Provide confidentiality instructions to the whole team
The second fundamental aspect of organising government events is ensuring confidentiality. Before you provide the event team with any logon data or access to sensitive information, non-disclosure agreements have to be signed. These legal contracts will help you regulate the following aspects:
- Identification of the parties involved
- Sharing of event-related information with any third parties
- Revealing of technologies used at the event to external organisations or individuals
Test a venue before an event
The venue you choose for a government event should complement your mission and comply with the key security needs. Start from the most basic requirement, which is the size of the venue. Events like the U.S.–North Korea summit attract immense media attention, so you have to ensure that the chosen venue can accommodate the expected number of reporters.
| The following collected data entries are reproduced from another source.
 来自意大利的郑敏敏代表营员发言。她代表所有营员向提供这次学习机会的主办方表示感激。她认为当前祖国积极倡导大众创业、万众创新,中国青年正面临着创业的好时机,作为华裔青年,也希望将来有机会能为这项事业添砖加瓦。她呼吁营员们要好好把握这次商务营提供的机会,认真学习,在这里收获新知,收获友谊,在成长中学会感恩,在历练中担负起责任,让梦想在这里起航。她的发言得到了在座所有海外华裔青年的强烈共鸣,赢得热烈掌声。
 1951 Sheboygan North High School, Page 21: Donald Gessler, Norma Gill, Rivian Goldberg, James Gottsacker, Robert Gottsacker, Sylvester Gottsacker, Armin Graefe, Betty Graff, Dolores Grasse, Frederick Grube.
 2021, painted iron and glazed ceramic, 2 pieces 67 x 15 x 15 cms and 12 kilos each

Next, check connectivity capabilities and the key restrictions. Find out whether it’s possible to set up a back-up connectivity system your team can rely upon in case any breakages occur.
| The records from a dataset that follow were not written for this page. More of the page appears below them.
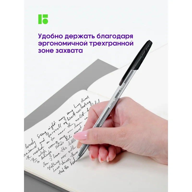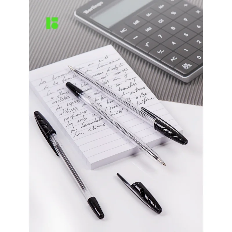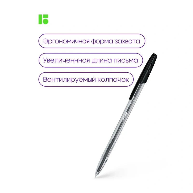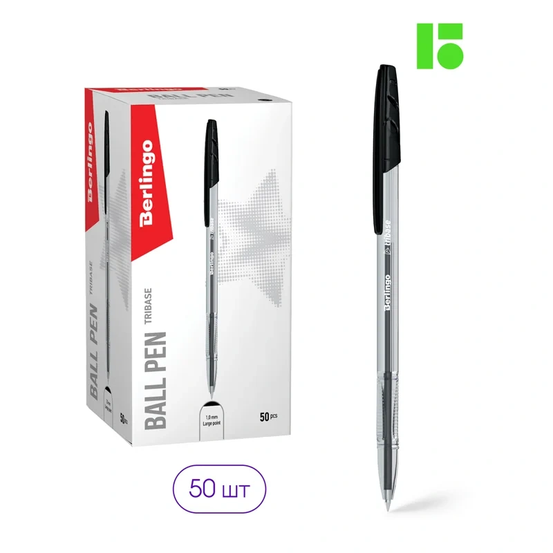 Универсальная шариковая ручка Berlingo Tribase в прозрачном корпусе с вентилируемым колпачком, который обеспечивает безопасность при использовании детьми, станет простым, но незаменимым помощником в работе и учёбе. Пластиковый клип позволит разместить ручку где удобно. Эргономичная трёхгранная зона захвата с рифлением препятствует скольжению пальцев. Цвет деталей соответствует цвету чернил. Качественные чернила обеспечивают чёткое и ровное письмо. Диаметр пишущего узла составляет 1 мм, благодаря чему ручка идеально подходит для быстрого стиля письма. Увеличенная длина письма ручки достигает 1,2 км!- Цвет чернил: чёрный;- Толщина линии письма: 0,8 мм;- Длина письма: 950 м;- Цвет корпуса: прозрачный;- Количество штук в упаковке: 50;- Тип упаковки: мини-дисплей из мелованного картона
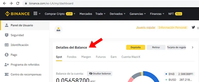 1. Una vez dentro de tu cuenta del exchange seleccionar “Detalles del Balance” del dashboard principal
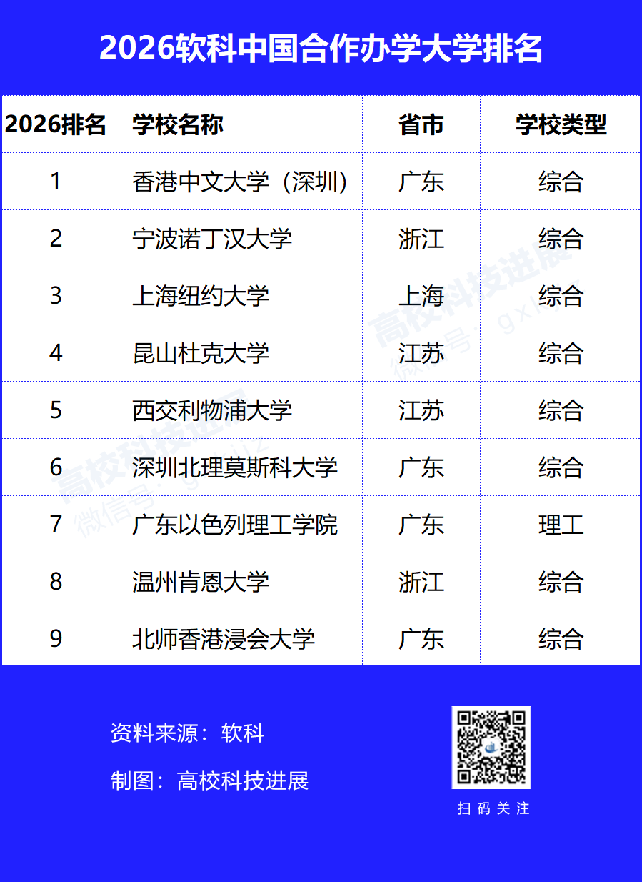 2026软科中国合作办学大学排名的对象有9所,香港中文大学(深圳)、宁波诺丁汉大学、上海纽约大学位列前三。
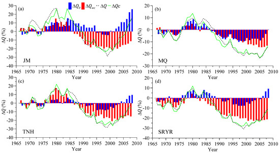 Because of the very low population density (2003 census data [15]) and a slight land-use change [22] in the SRYR, human activities were not directly accounted for in this study, but the impact of land-use change on discharge could then be approximately evaluated by ΔQl = ΔQ − ΔQc (Figure 3b).
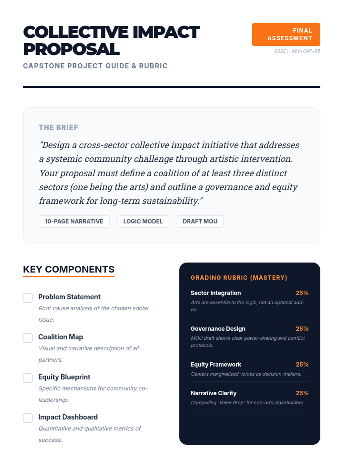 Students develop a proposal for a collective impact initiative that uses the arts to address a specific community issue.
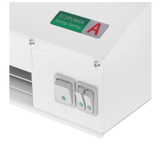 Модель оснащена системой нагрева воздуха и вентилятором, которые совместно создают воздушный поток, направленный вниз, формируя «завесу» вдоль дверного проёма. Конструкция устройства учитывает особенности интенсивной эксплуатации, а компоненты подобраны с ориентацией на стабильную работу в разных условиях. Управление режимами осуществляется через встроенную панель, что позволяет быстро адаптировать работу под текущие задачи без лишних усилий.

Lastly, consider whether the venue can be declared a secure zone. For the Trump–Kim event, the area of Sentosa’s Capella Hotel was declared to be a “special event zone”, which implied the application of specific rules, like a ban on drones, aerosol paint, explosives, and flares across the area. If security measures mean a lot at your event as well, clarify these issues with a venue host.
Find software and online services support
The first step to building a secure information infrastructure is finding a reliable SIEM system. As an event tech provider, it’s important to ensure that the SIEM system you offer your client is compliant with the cybersecurity policy your client wants to follow. Specifically, a strong SIEM system should cover effective log management, scalability, deployment, and more. Before engaging in the organisation of a government event, update your software and major services to match your client’s strategy. Also, plan system maintenance in advance to prevent possible threats. During the North Korea–U.S. summit, our team facilitated 24-hour server surveillance to be able to identify and deter any attacks.
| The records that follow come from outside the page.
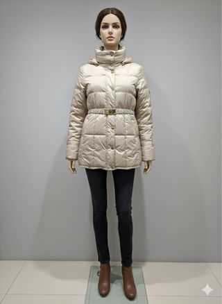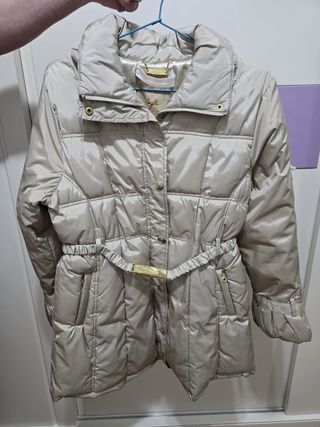 Elegante abrigo de El Corte Inglés en color beige. Presenta un diseño acolchado y cinturón ajustable. - Cuello alto con solapa. - Cierre de botones dorados. - Cinturón elástico con hebilla dorada. - Bolsillos laterales con cremallera.
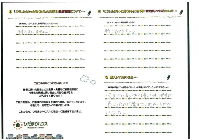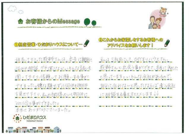 - 私は三社目にして、ひだまりハウスさん、荻野さんと出会う事ができて、本当に良かったと思っています。いろんな会社があるので、自分に合わないと思ったならば違う会社に相談する事をオススメします!!
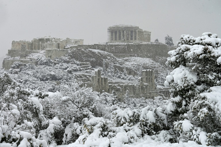 L'Acropole d'Athènes était recouverte mardi d'un manteau neigeux, offrant des images exceptionnelles pour la Grèce frappée par une vague de froid "sans précédent" depuis au moins dix ans, qui a fait deux morts sur les îles de Crète et d'Eubée, selon les autorités.
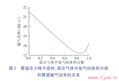 由圖3可知,氫氣加入到天然氣管道后,若保證壓力降不變,則無論氫氣的體積分?jǐn)?shù)為多大,和輸送天然氣相比,管道的輸氣功率均是下降的,即管道的輸氣能力是降低的。當(dāng)氫氣在混合氣體中的體積分?jǐn)?shù)大于0.83后,管道的輸氣功率有小幅回升,但和輸送天然氣相比,管道的輸氣能力仍然是下降的。在圖1中也有相類似的情況,當(dāng)氫氣在混合氣體中的體積分?jǐn)?shù)為0.83左右時(shí),混合氣體的華白數(shù)是最低的。

Test software, hardware, and onsite layouts before the event
Pre-event testing is the holy grail. As has been said before, every tiny detail can make a huge impact on overall performance. Obviously, you don’t want to fail because of a breakage that could have been easily fixed before an event. To avoid this, you will have to conduct extensive system testing. In terms of software performance, you can verify it through the use of scalability, endurance, load, stress, and spike tests. Concerning hardware diagnostics, there’s a huge list of testing activities you should exercise, from CPU and register tests to transient error monitoring. Lastly, ensure that onsite layouts work by testing every device separately and then in combinations (laptop–printer, tablet–printer, etc.) To minimize risks, appoint people who will be responsible for different types of system testing and maintenance, both before and during the event.
Give clear instructions to the onsite team at the event
Even with the best technology at your fingertips, you won’t be able to move the needle without a well-trained team. Organise an extensive staff training in which you’ll provide clear instructions on aspects such as cybersecurity threats prevention, system maintenance, risk-based governance, and more. Develop scenarios for different types of situations, and ensure that your staff is trained to take the right measures in each of these scenarios.
Powering events that make headlines around the world is a challenging task, but let’s be honest—the feeling of being a part of something as big as the North Korea–U.S. summit is worth a couple of sleepless nights. We hope that these eight tips on how to be a tech partner at government events will help you reach new heights with minimum stress.